EXTRACTED MATERIAL: Begin

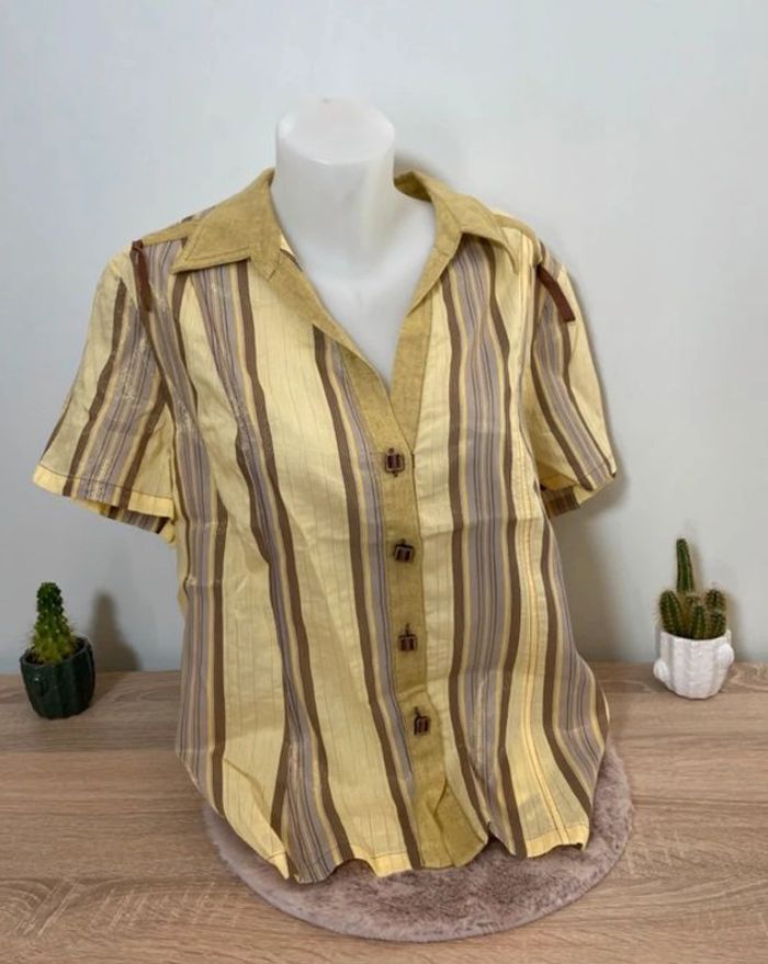 Chemise manches courtes jaune à rayures - photo numéro 2
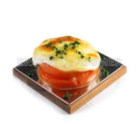 Rodajas de tomate con queso fresco y queso graso gratinado
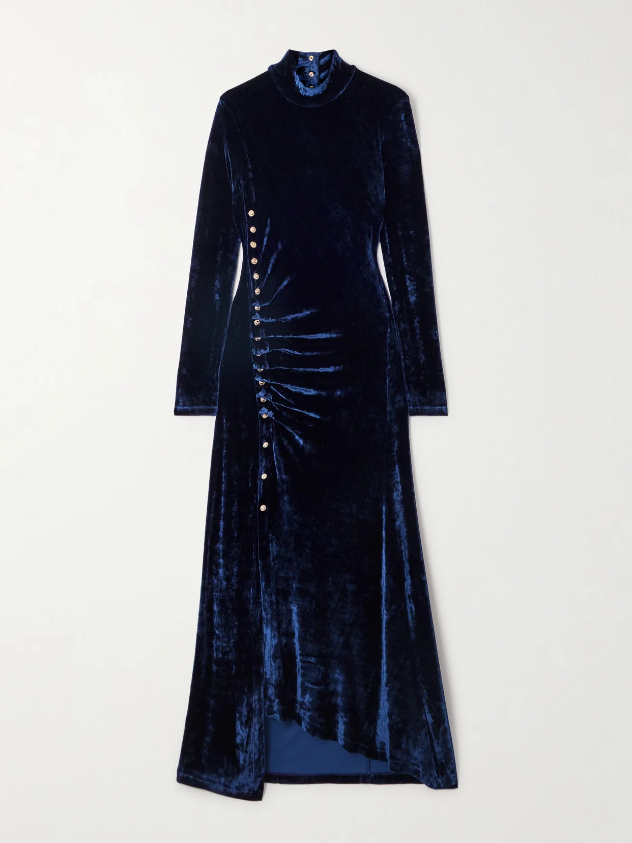 You'll be so excited to debut Rabanne's dress at an important event. It's made from plush velvet that's ruched on one side and falls to an asymmetric hem. Experiment with the shape by undoing some of the snaps.
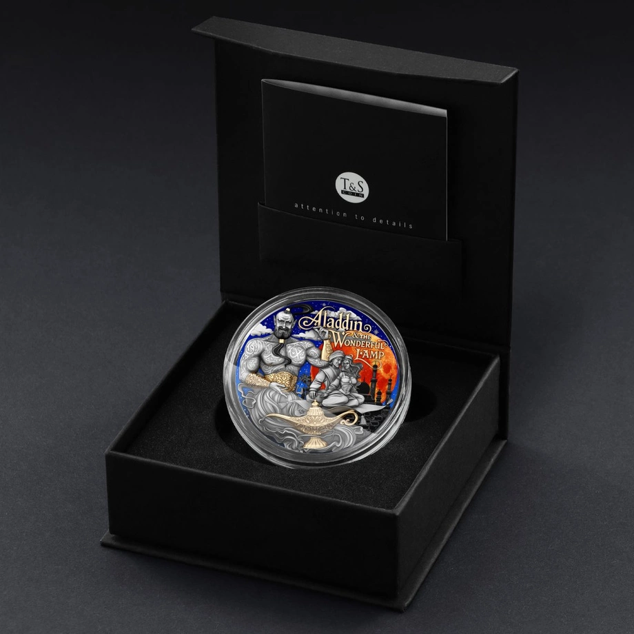 Niue: Aladdin & the Wonderful Lamp kolorowany/pozłacany 2 uncje Srebra 2025 Antiqued Coin to druga moneta z serii „Fabulous Stories”, która w mistrzowski sposób ukazuje magiczną opowieść o przygodach Aladyna w orientalnym świecie pełnym tajemnic i przygód. Po sukcesie poprzedniej emisji inspirowanej „Piękną i Bestią”, ta moneta zachwyca selektywnym złoceniem i precyzyjnym drukiem UV, które nadają projektowi niezwykłą głębię i barwę. To kolekcjonerskie dzieło sztuki łączy tradycję z nowoczesnością, oddając hołd ponadczasowej baśni o marzeniach, odwadze i przemianie. Limitowany nakład i eleganckie opakowanie podkreślają unikatowy charakter emisji.
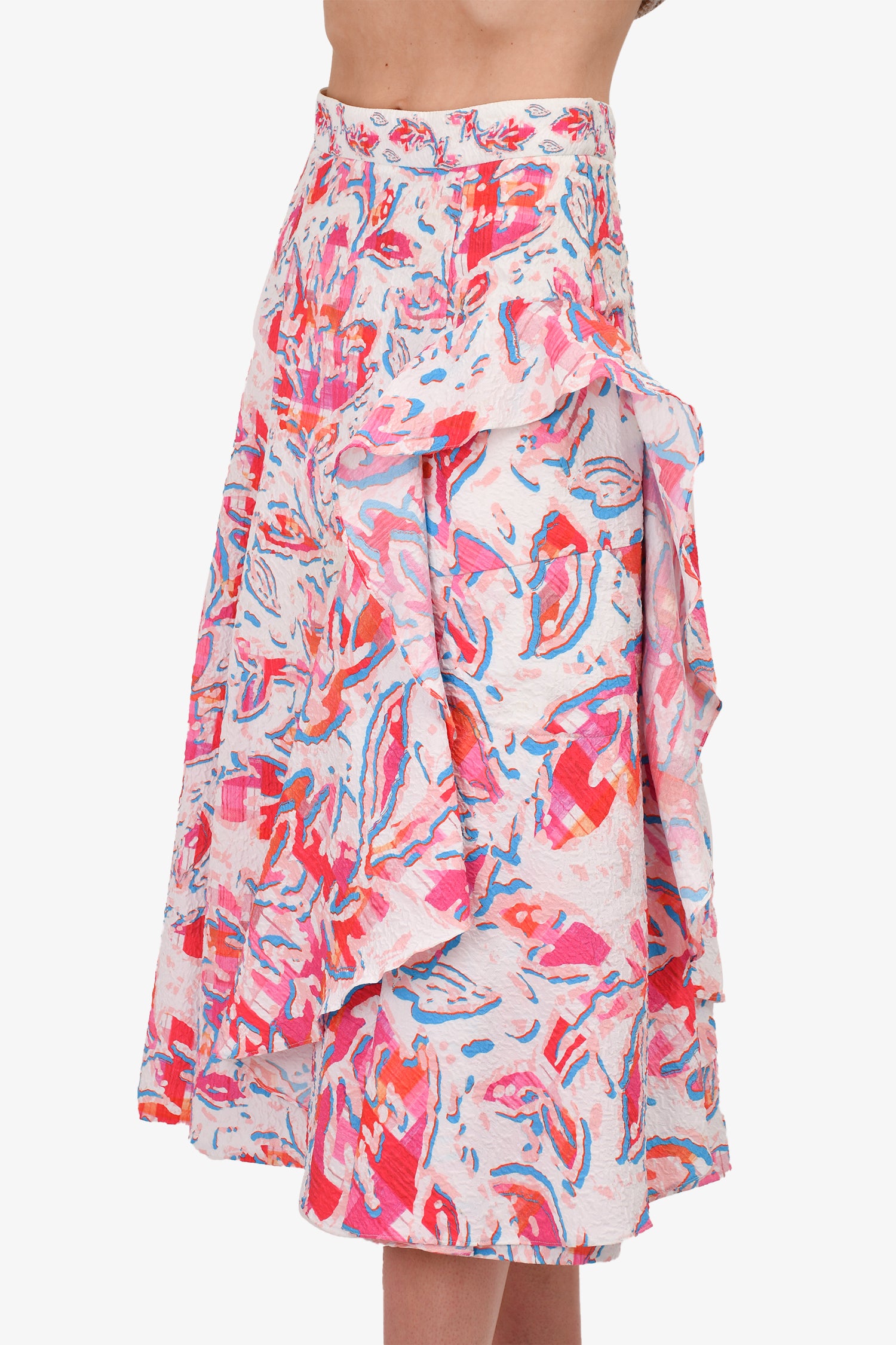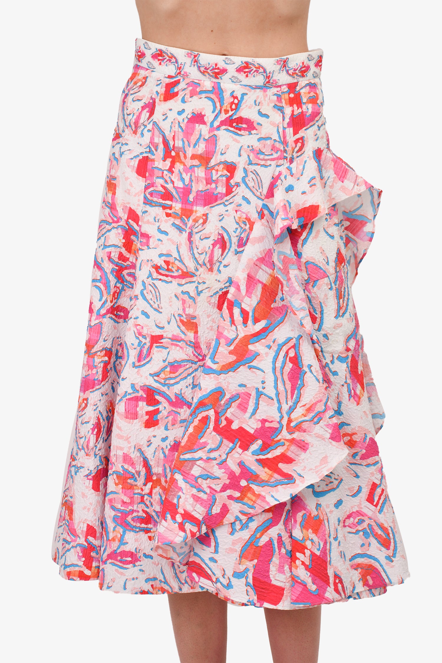 Peter Pilotto Pre-Fall 2017 White/Pink Printed Ruffle Midi Skirt Size 8
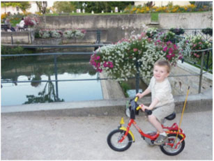 A 3 ans, confiants de l’entraînement réalisé durant l’année avec la draisienne, nous lui offrons un  vélo enfant à pédales, pensons que ce ne sera qu’une formalité ! Mais c’est une erreur : notre fils n’est pas confiant, trouve le vélo trop lourd et perd  toute l’aisance et toute son autonomie. Il commence à avoir peur au moindre dévers, pente, etc.
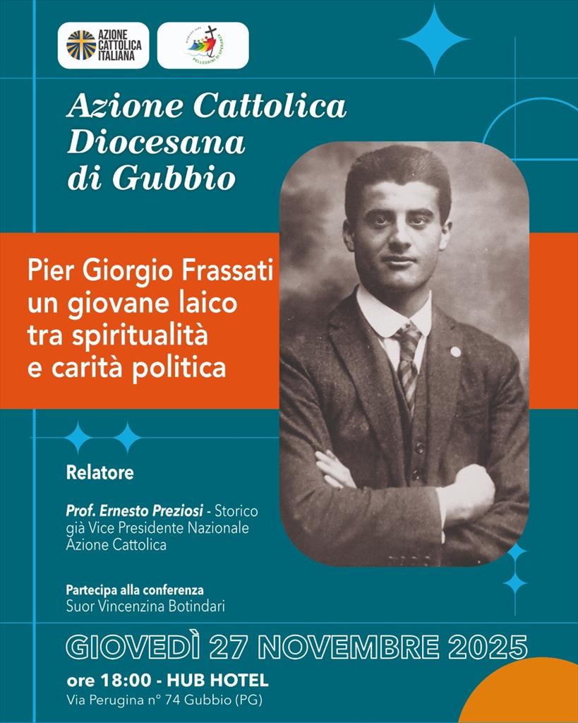 Si svolgerà oggi, giovedì 27 novembre alle ore 18, all'Hub Hotel di Gubbio, la conferenza su "Pier Giorgio Frassati, un giovane laico tra spiritualità e carità politica". Relatore, prof. Ernesto Preziosi, storico già Vice Presidente Nazionale Azione Cattolica. Partecipa, Suor Vincenzina Botindari. Iniziativa dell'Assiociazione Cattolica Diocesana di Gubbio.
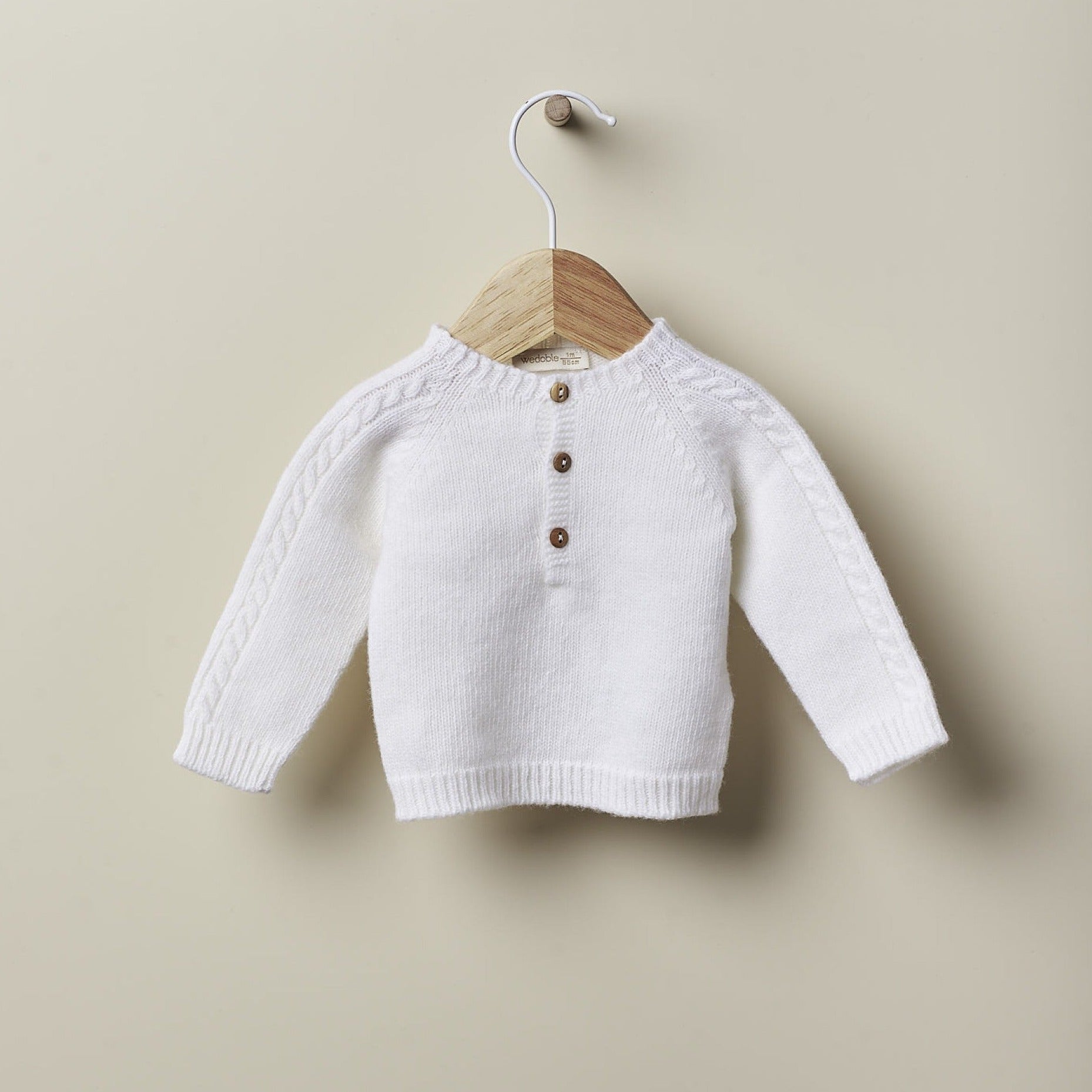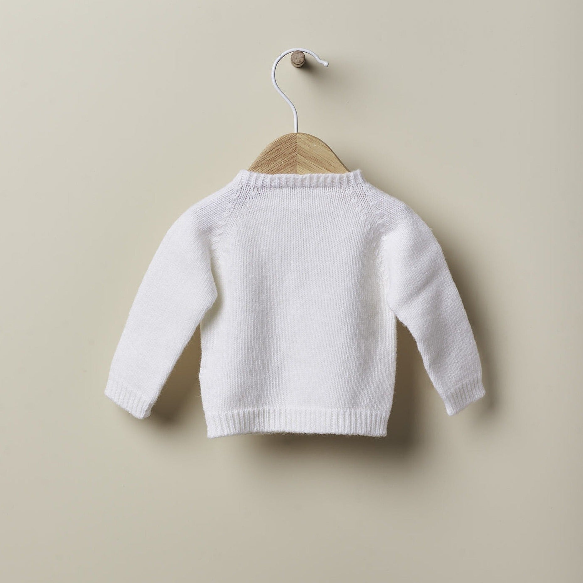 Jersey tejido en suave mezcla de lana merino y cashmere, ideal para bebés niños y niñas de hasta 4 años. Jersey de manga larga, cierre delantero con botones de madera.
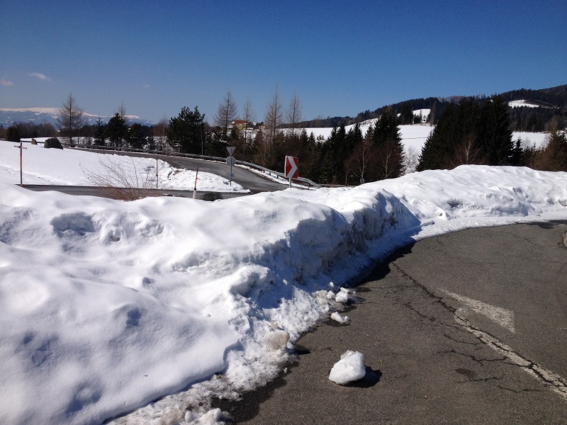 В Альпах хорошо, солнышко. Почти весна. Снег под ярким солнцем начинает таять, стекает по дороге и замерзает в теневых участках в поворотах. Мечта! Приходится к каждому повороту подкрадываться и внимательно следить за границей света и тени.

EXTRACTED MATERIAL: End

EXERCISE INSTRUCTIONS:
Would you return all the data exactly as given, minus the pictures?

OUTPUT BELOW:
 Chemise manches courtes jaune à rayures - photo numéro 2
 Rodajas de tomate con queso fresco y queso graso gratinado
 You'll be so excited to debut Rabanne's dress at an important event. It's made from plush velvet that's ruched on one side and falls to an asymmetric hem. Experiment with the shape by undoing some of the snaps.
 Niue: Aladdin & the Wonderful Lamp kolorowany/pozłacany 2 uncje Srebra 2025 Antiqued Coin to druga moneta z serii „Fabulous Stories”, która w mistrzowski sposób ukazuje magiczną opowieść o przygodach Aladyna w orientalnym świecie pełnym tajemnic i przygód. Po sukcesie poprzedniej emisji inspirowanej „Piękną i Bestią”, ta moneta zachwyca selektywnym złoceniem i precyzyjnym drukiem UV, które nadają projektowi niezwykłą głębię i barwę. To kolekcjonerskie dzieło sztuki łączy tradycję z nowoczesnością, oddając hołd ponadczasowej baśni o marzeniach, odwadze i przemianie. Limitowany nakład i eleganckie opakowanie podkreślają unikatowy charakter emisji.
 Peter Pilotto Pre-Fall 2017 White/Pink Printed Ruffle Midi Skirt Size 8
 A 3 ans, confiants de l’entraînement réalisé durant l’année avec la draisienne, nous lui offrons un  vélo enfant à pédales, pensons que ce ne sera qu’une formalité ! Mais c’est une erreur : notre fils n’est pas confiant, trouve le vélo trop lourd et perd  toute l’aisance et toute son autonomie. Il commence à avoir peur au moindre dévers, pente, etc.
 Si svolgerà oggi, giovedì 27 novembre alle ore 18, all'Hub Hotel di Gubbio, la conferenza su "Pier Giorgio Frassati, un giovane laico tra spiritualità e carità politica". Relatore, prof. Ernesto Preziosi, storico già Vice Presidente Nazionale Azione Cattolica. Partecipa, Suor Vincenzina Botindari. Iniziativa dell'Assiociazione Cattolica Diocesana di Gubbio.
 Jersey tejido en suave mezcla de lana merino y cashmere, ideal para bebés niños y niñas de hasta 4 años. Jersey de manga larga, cierre delantero con botones de madera.
 В Альпах хорошо, солнышко. Почти весна. Снег под ярким солнцем начинает таять, стекает по дороге и замерзает в теневых участках в поворотах. Мечта! Приходится к каждому повороту подкрадываться и внимательно следить за границей света и тени.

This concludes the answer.